§ **Dataset content**

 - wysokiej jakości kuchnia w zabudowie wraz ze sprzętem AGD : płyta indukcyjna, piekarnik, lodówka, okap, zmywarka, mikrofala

==

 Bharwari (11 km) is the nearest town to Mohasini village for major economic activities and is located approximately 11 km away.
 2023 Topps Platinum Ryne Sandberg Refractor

---

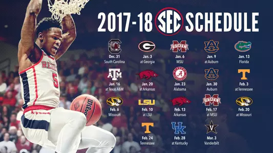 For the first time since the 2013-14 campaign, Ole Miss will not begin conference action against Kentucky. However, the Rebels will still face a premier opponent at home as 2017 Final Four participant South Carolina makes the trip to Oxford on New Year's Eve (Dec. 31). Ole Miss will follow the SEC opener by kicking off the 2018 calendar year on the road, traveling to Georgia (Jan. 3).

§ **Task to carry out**
In the data above, start at the line that has "Bharwari (11 km)", stop after the line that has "2023 Topps Platinum Ryne Sandberg Refractor", and print every line in between exactly as it stands.

§ **Solution for this exercise**
 Bharwari (11 km) is the nearest town to Mohasini village for major economic activities and is located approximately 11 km away.
 2023 Topps Platinum Ryne Sandberg Refractor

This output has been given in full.